The mRNA sequence data of 374 cases of HCC and 50 cases of normal tissue were obtained from TCGA. The limma package and the Wilcoxon signed-rank test in R (∣logFC∣ > 1, FDR < 0.05) were used to screen the differentiated expressed ARGs in HCC and non-tumor samples. In this study, 43 and 8 ARGs were significantly upregulated and downregulated, respectively. In addition, their results were plotted by volcano plot, heatmap, and box plot (Fig. 1(b-d)).
To further study the main biological functions and significant pathways of these 51 identified genes, the GO enrichment and KEGG pathway enrichment analysis were performed. The plotted results are shown in (Fig. 2). The 51 identified ARGs were involved in the pathways related to cellular apoptosis (Fig. 2a and 2b). According to KEGG enrichment analysis results, the 51 ARGs possible contribute to platinum drug resistance and transcriptional misregulation in cancer as well as associated with some oncogenic pathways such as MAPK, P53, TNF, PI3K-Akt signaling pathways (Fig. 2c). The STRING online tool was used to establish a PPI network to explore the interactions among the proteins coded by ARGs. Results observed using the Cytoscape software (Fig. 2d).
Univariate Cox regression analyses were performed on both mRNA expressional and corresponding clinical data of 51 selected ARGs to identify their prognosis-associated ARGs in HCC (Fig. 3a). There were 20 upregulated ARGs and 1 downregulated ARG which were statistically significant. These 21 identified genes were subsequently analyzed by multivariate Cox regression (p < 0.05) to determine ARGs association with the prognosis of patients and acquire corresponding regression coefficients. Following the multivariate Cox regression, five prognosis-related ARGs were screened which contained PPP2R5B, SQSTM1, TOP2A, BMF, and LGALS3. Expression levels in normal and HCC specimens were further compared to establish the prognostic value of these 5 genes. The 5 identified ARGs in HCC specimens had significantly higher expression levels than normal specimens as indicated by heatmap and boxplot (Fig. 3b and 3c). Besides, the K-M curve was constructed from the comparisons of the survival rates differences in high- and low-expressed groups in the identified ARGs. Interestingly, the high expression levels in the 5 identified ARGs indicated a low survival rate (Fig. 3d).

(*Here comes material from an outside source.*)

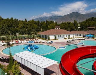 Особенно в Доме отдыха «Акун Иссык-Куль» рады семьям с детьми любого возраста, для которых здесь есть детский бассейн, мини-клуб детсадовского типа и игровая площадка. Кроме того, можно взять напрокат детскую коляску или велосипед.

On the other hand, mutations of these 5 genes in HCC were analyzed by the cBioPortal database (http://cbioportal.org). Among the data of 353 HCC patients in this database, 22 patients (6.3%) had mutations. Notably, among the 22 patients with the mutation, 0.85% had missense mutations, 0.56% had amplifications, 0.56% had deep deletions in PPP2R5B. However, in the SQSTM1, 0.28% had missense mutations, 0.85% had amplifications and 0.28% had deep deletions whereas in TOP2A, 0.85% had missense mutations, 0.28% had truncating mutations, 0.56% had amplifications and 0.28% had deep deletions. Moreover, in BMF, 0.28% had missense mutations, and 0.28% had deep deletions whereas 0.28% had amplifications in LGALS3 (Fig. 3e).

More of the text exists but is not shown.